Ten minutes later Roy Grace was interrupted from his studies of the Jodie Bentley file by a call. The voice at the other end sounded foreign. ‘This is Dr Imran Hassan from the Intensive Care Unit at the Royal Sussex Hospital. We have a note on file to contact you if there is any change in the condition of one of our patients, a gentleman called Mr Tooth.’

This was all he needed right now, Grace thought. ‘Yes, thank you, Dr Hassan.’

‘He seems to be showing signs of emerging from his coma. He keeps trying to shout. We removed the tube from his throat and immediately he shouted out a name. It sounded like “Yossarian”.’

‘Yossarian?’

‘Yes, but now he seems very distressed about this Yossarian. His eyes remain closed but he screamed that Yossarian needs feeding. Does any of this make any sense to you?’

‘It does, yes, Dr Hassan. Yossarian is this man’s pet dog — he lives in the Turks and Caicos. Tooth is under suspicion of committing several murders, and the dog is being cared for. He doesn’t need to worry.’

But Grace was worried.

‘Good, we are regarding this as a positive sign that this patient is improving.’

‘To what extent?’

‘At this stage very minor. He is still totally incapacitated.’

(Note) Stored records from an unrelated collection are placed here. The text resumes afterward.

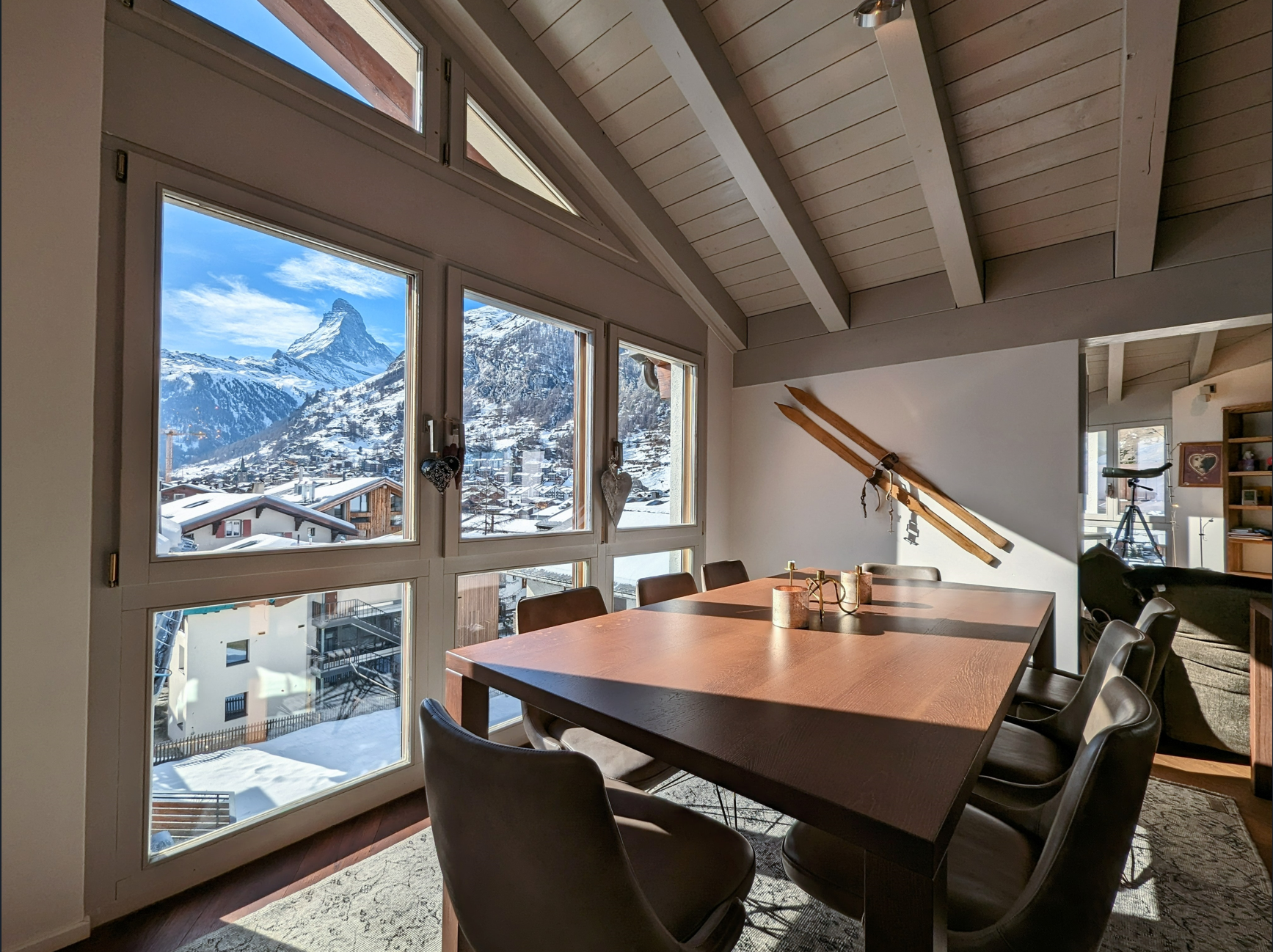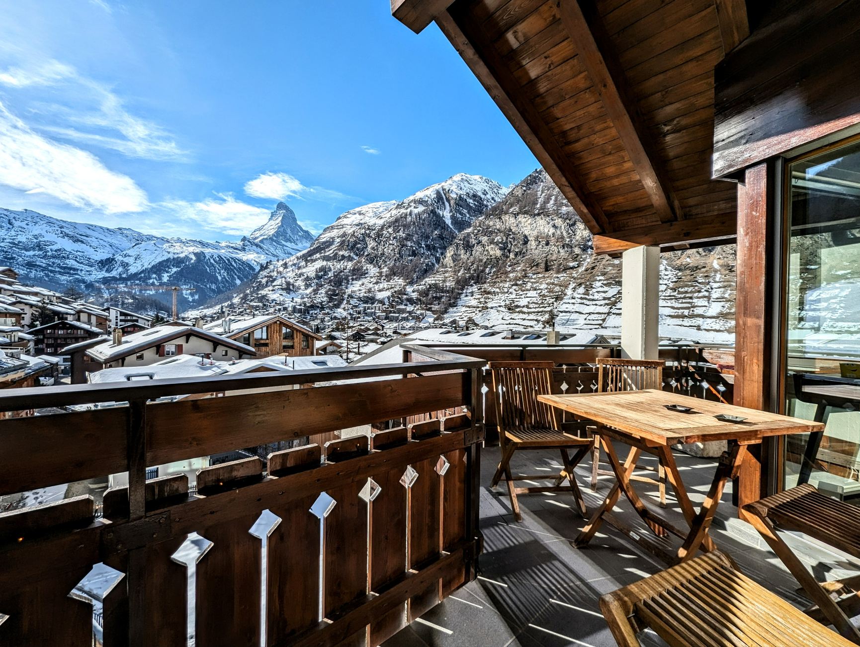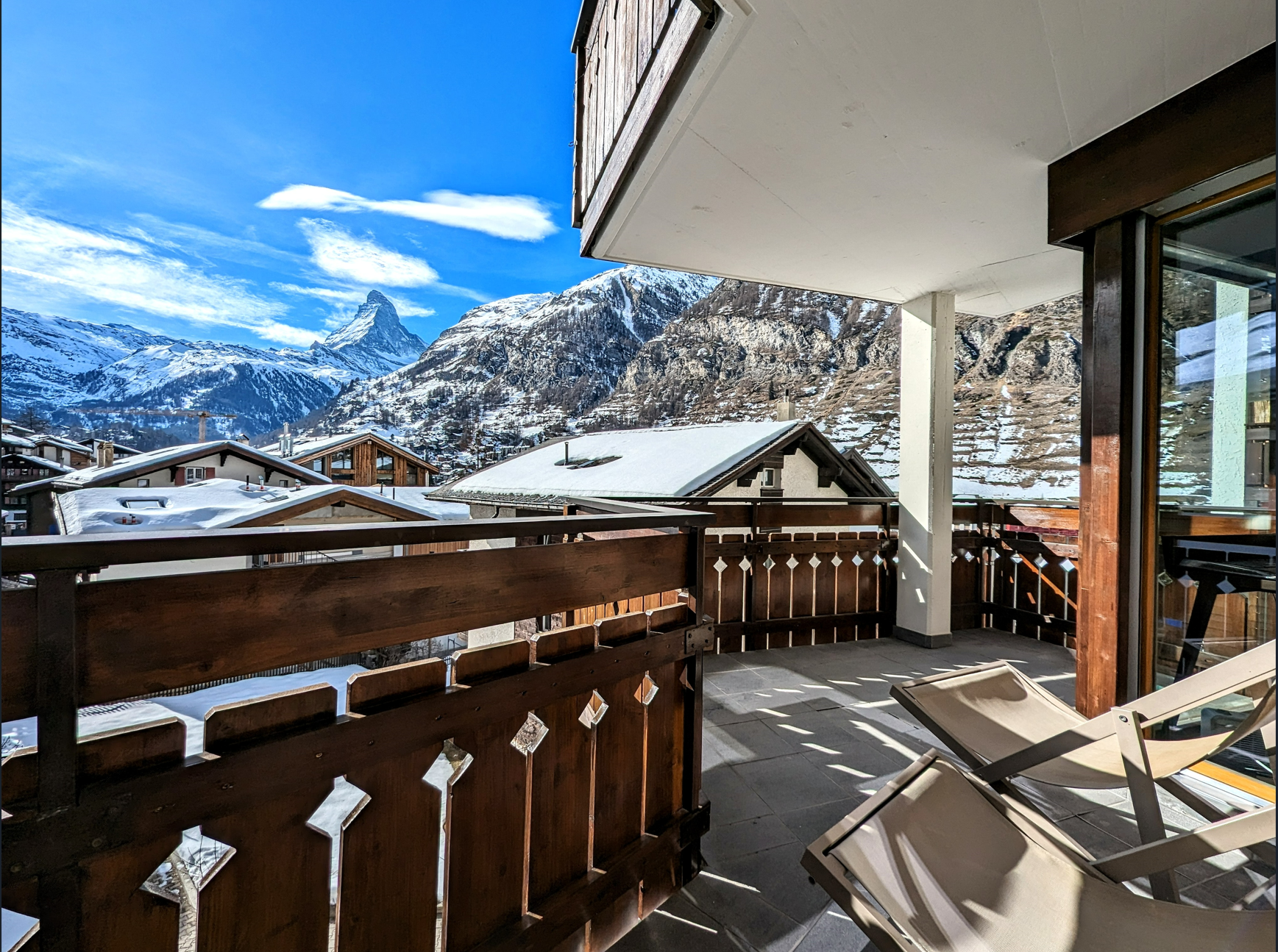 Direkt vom Wohnbereich gelangen die Eigentümer auf den großzügigen Sonnenbalkon welcher mit seiner Matterhornsicht beeindruckt.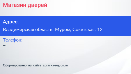 Магазин дверей по адресу Владимирская область, Муром, Советская, 12 в дальнейшем Организация, размещена в следующих категориях: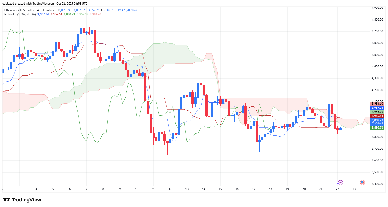 رفتار قیمت اتریوم مشابه بیت کوین اما با ضعف نسبی بیشتر مشاهده میشود. قیمت نتوانست بالای ابر کوموی قرمز تثبیت شود و پس از برخورد با مقاومت ۳٬۹۸۰ دلار مجدداً با فشار فروش مواجه شد. در حال حاضر قیمت در محدوده ۳٬۸۸۰ دلار و دقیقا در لبه پایینی ابر کومو نوسان دارد که این موقعیت از نظر ایچیموکو نشانهای از بلاتکلیفی بازار است.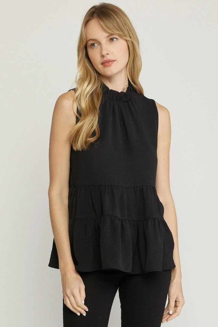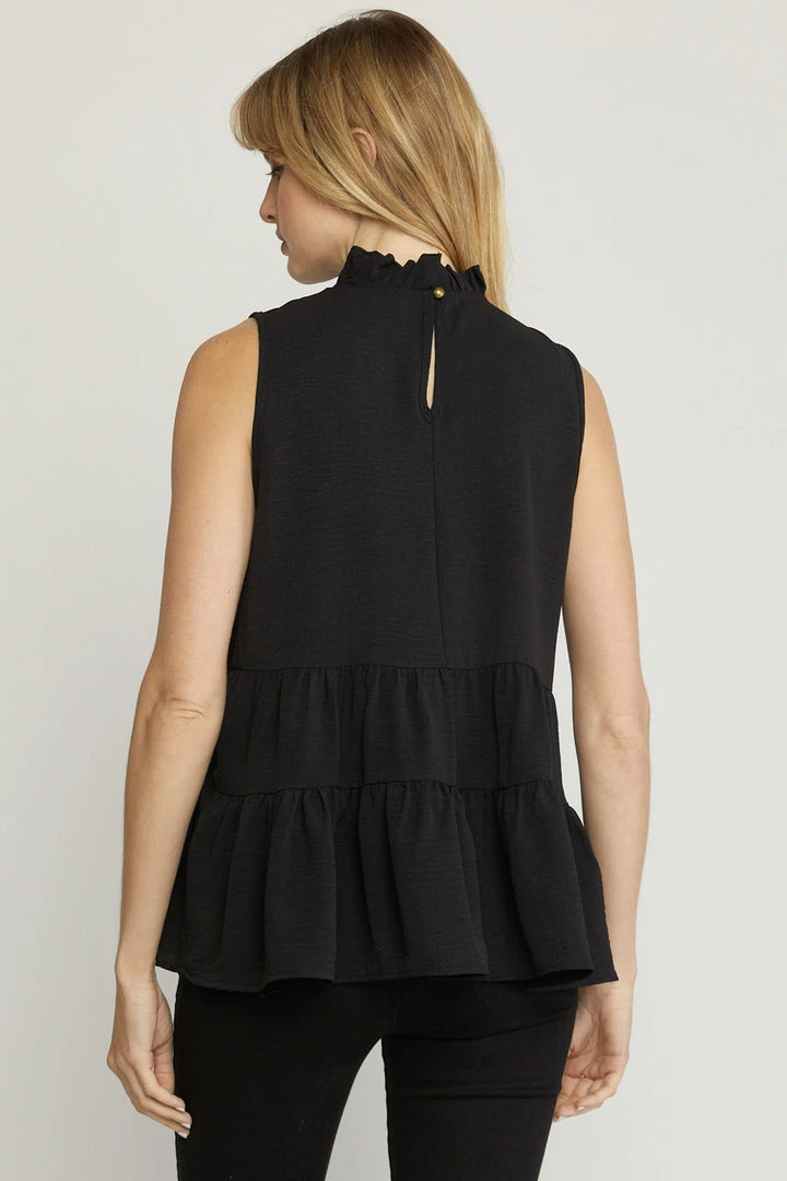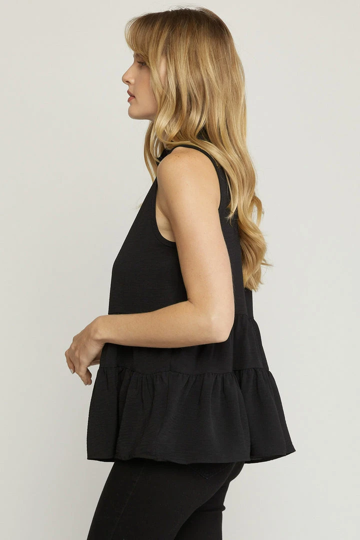 The perfect little top for all of your upcoming occasions… just add your favorite jeans and sandals or booties and you’re set. Sleeveless solid tank with a ruffled mock neckline, keyhole button closure in back, and tiered layers. So cute!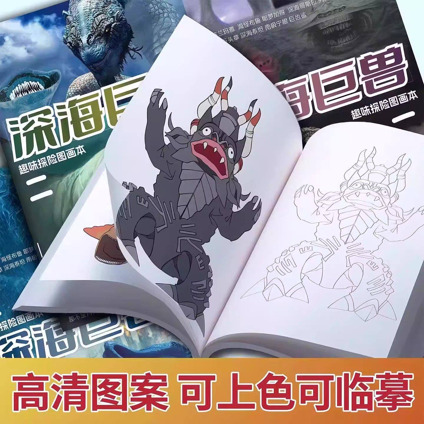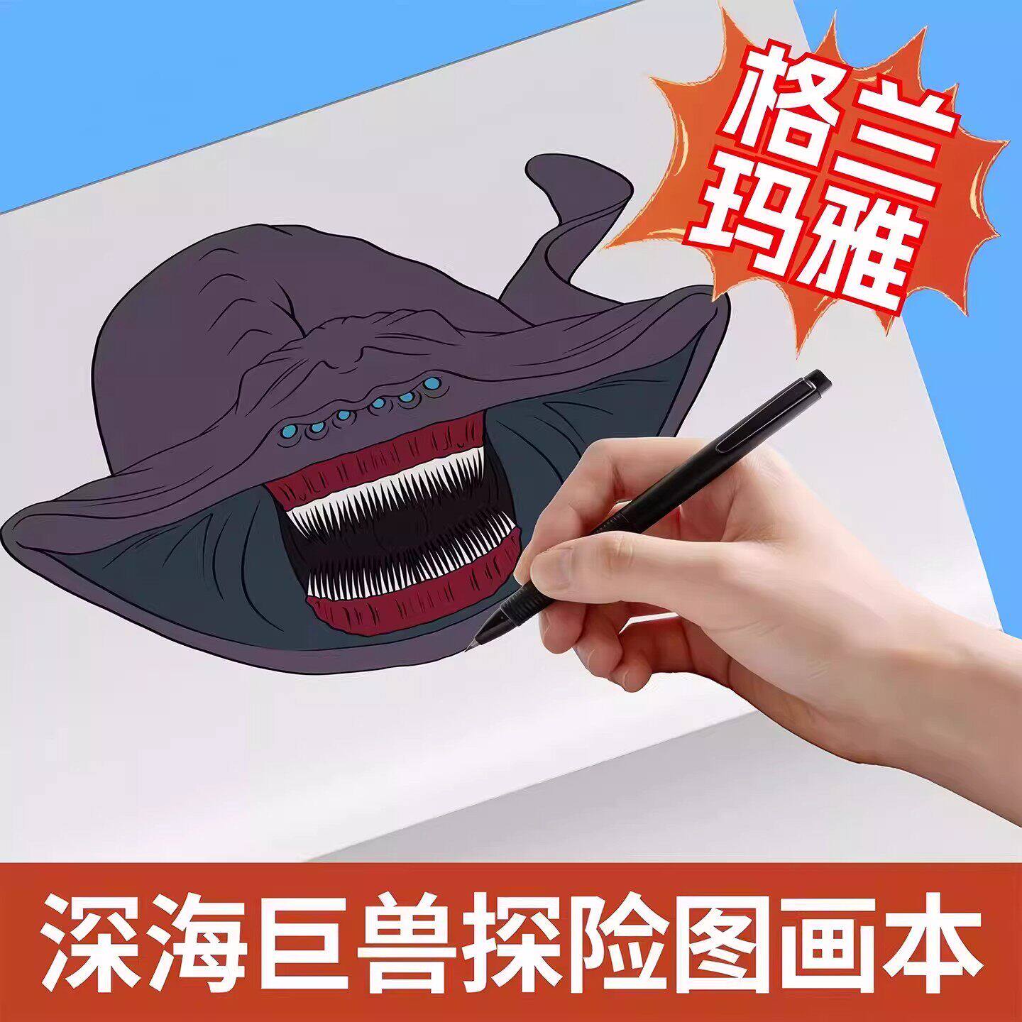 儿童深海巨兽描摹画画本素描本涂鸦食海者格兰玛雅利维坦海怪布鲁线条描绘本小学生幼儿园兴趣培养图画册漫画

‘Dr Hassan, if at any time you or your colleagues believe that Tooth is capable of standing and walking, I need to know immediately.’

‘Yes, this is on his notes, Detective Superintendent.’

Grace thanked him, then immediately sent an email to Pewe, updating him on Tooth’s condition. He did not suggest that the scene guard be reinstated at this stage, but instead covered his back by finishing,

as you know we are dealing with a man of extraordinary reserves and resources. It would be a deep embarrassment to Sussex Police if he were to disappear. At this time, the staff at the Royal Sussex County Hospital do not believe this is likely. But they know to notify me if the situation changes.